We have a Lenovo ThinkSystem SR850P (gloomer) with sixteen Intel Optane DCPMMs that provide four "disk" devices -- /dev/pmem0 through /dev/pmem3. MAAS (3.2.6) correctly detects these as disk devices, but after configuring partitions on these devices, when attempting to deploy Ubuntu 22.04, the deployment fails, with a message like this available on the console (or IPMI SoL):

[ 180.580624] cloud-init[2642]: devsync happy - path /dev/pmem0 now exists
[ 180.600631] cloud-init[2642]: return volume path /dev/pmem0
[ 180.616616] cloud-init[2642]: Running command ['lsblk', '--noheadings', '--bytes', '--pairs', '--output=ALIGNMENT,DISC-ALN,DISC-GRAN,DISC-MAX,DISC-ZERO,FSTYPE,GROUP,KNAME,LABEL,LOG-SEC,MAJ:MIN,MIN-IO,MODE,MODEL,MOUNTPOINT,NAME,OPT-IO,OWNER,PHY-SEC,RM,RO,ROTA,RQ-SIZE,SIZE,STATE,TYPE,UUID', '/dev/pmem0'] with allowed return codes [0] (capture=True)
[ 180.660629] cloud-init[2642]: get_blockdev_sector_size: info:
[ 180.676628] cloud-init[2642]: {
[ 180.688627] cloud-init[2642]: "pmem0": {
[ 180.704633] cloud-init[2642]: "ALIGNMENT": "0",
[ 180.720633] cloud-init[2642]: "DISC-ALN": "0",
[ 180.736641] cloud-init[2642]: "DISC-GRAN": "0",
[ 180.752614] cloud-init[2642]: "DISC-MAX": "0",
[ 180.768647] cloud-init[2642]: "DISC-ZERO": "0",
[ 180.784637] cloud-init[2642]: "FSTYPE": "",
[ 180.800638] cloud-init[2642]: "GROUP": "disk",
[ 180.816643] cloud-init[2642]: "KNAME": "pmem0",
[ 180.832612] cloud-init[2642]: "LABEL": "",
[ 180.848617] cloud-init[2642]: "LOG-SEC": "4096",
[ 180.864627] cloud-init[2642]: "MAJ:MIN": "259:0",
[ 180.880634] cloud-init[2642]: "MIN-IO": "4096",
[ 180.896622] cloud-init[2642]: "MODE": "brw-rw----",
[ 180.912617] cloud-init[2642]: "MODEL": "",
[ 180.928621] cloud-init[2642]: "MOUNTPOINT": "",
[ 180.944619] cloud-init[2642]: "NAME": "pmem0",
[ 180.960620] cloud-init[2642]: "OPT-IO": "0",
[ 180.976614] cloud-init[2642]: "OWNER": "root",
[ 180.992618] cloud-init[2642]: "PHY-SEC": "4096",
[ 181.008636] cloud-init[2642]: "RM": "0",
[ 181.024625] cloud-init[2642]: "RO": "0",
[ 181.040611] cloud-init[2642]: "ROTA": "0",
[ 181.056621] cloud-init[2642]: "RQ-SIZE": "128",
[ 181.072616] cloud-init[2642]: "SIZE": "541165879296",
[ 181.088616] cloud-init[2642]: "STATE": "",
[ 181.104626] cloud-init[2642]: "TYPE": "disk",
[ 181.120623] cloud-init[2642]: "UUID": "",
[ 181.136627] cloud-init[2642]: "device_path": "/dev/pmem0"

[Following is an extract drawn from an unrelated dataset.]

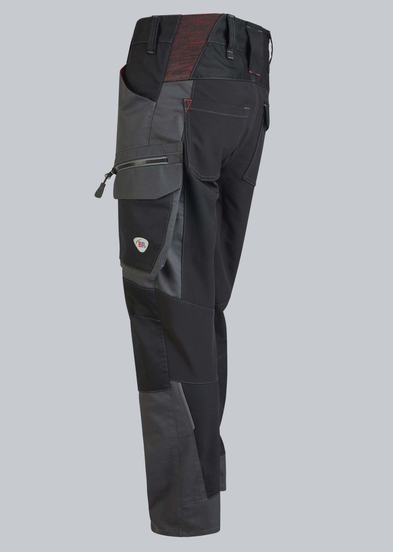 2 poches latérales, 2 poches revolver dont 1 avec fermeture à rabat, 1 grande poche cuisse avec poche zippée intégrée et poche smartphone plaquée, poche mètre fixée d’un seul côté avec poches crayons, anneau en D pour fixation d’accessoires.
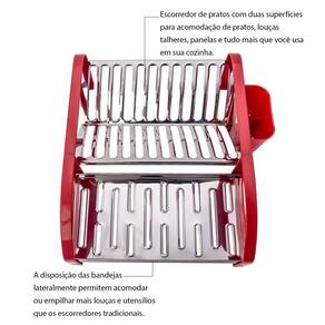 Este escorredor versátil oferece duas amplas superfícies para acomodar seus pratos, louças, talheres, panelas e tudo mais que você utiliza no dia a dia. Suas bandejas são estrategicamente unidas lateralmente em bases de polipropileno pp na cor vermelha, proporcionando não apenas firmeza, mas também um visual moderno e sofisticado.

[ 181.152712] cloud-init[2642]: }
[ 181.164626] cloud-init[2642]: }
[ 181.176626] cloud-init[2642]: get_blockdev_sector_size: (log=4096, phys=4096)
[ 181.196639] cloud-init[2642]: pmem0 logical_block_size_bytes: 4096
[ 181.212625] cloud-init[2642]: adding partition 'pmem0-part1' to disk 'pmem0' (ptable: 'gpt')
[ 181.232633] cloud-init[2642]: partnum: 1 offset_sectors: 256 length_sectors: 132118527
[ 181.252630] cloud-init[2642]: Preparing partition location on disk /dev/pmem0
[ 181.272636] cloud-init[2642]: Wiping 1M on /dev/pmem0 at offset 1048576
[ 181.292641] cloud-init[2642]: Running command ['sgdisk', '--new', '1:256:132118783', '--typecode=1:8300', '/dev/pmem0'] with allowed return codes [0] (capture=True)
[ 181.320645] cloud-init[2642]: Running command ['udevadm', 'info', '--query=property', '--export', '/dev/pmem0'] with allowed return codes [0] (capture=True)
[ 181.348620] cloud-init[2642]: /dev/pmem0 is multipath device? False
[ 181.364618] cloud-init[2642]: Running command ['blockdev', '--rereadpt', '/dev/pmem0'] with allowed return codes [0] (capture=True)
[ 181.388614] cloud-init[2642]: Running command ['udevadm', 'settle'] with allowed return codes [0] (capture=False)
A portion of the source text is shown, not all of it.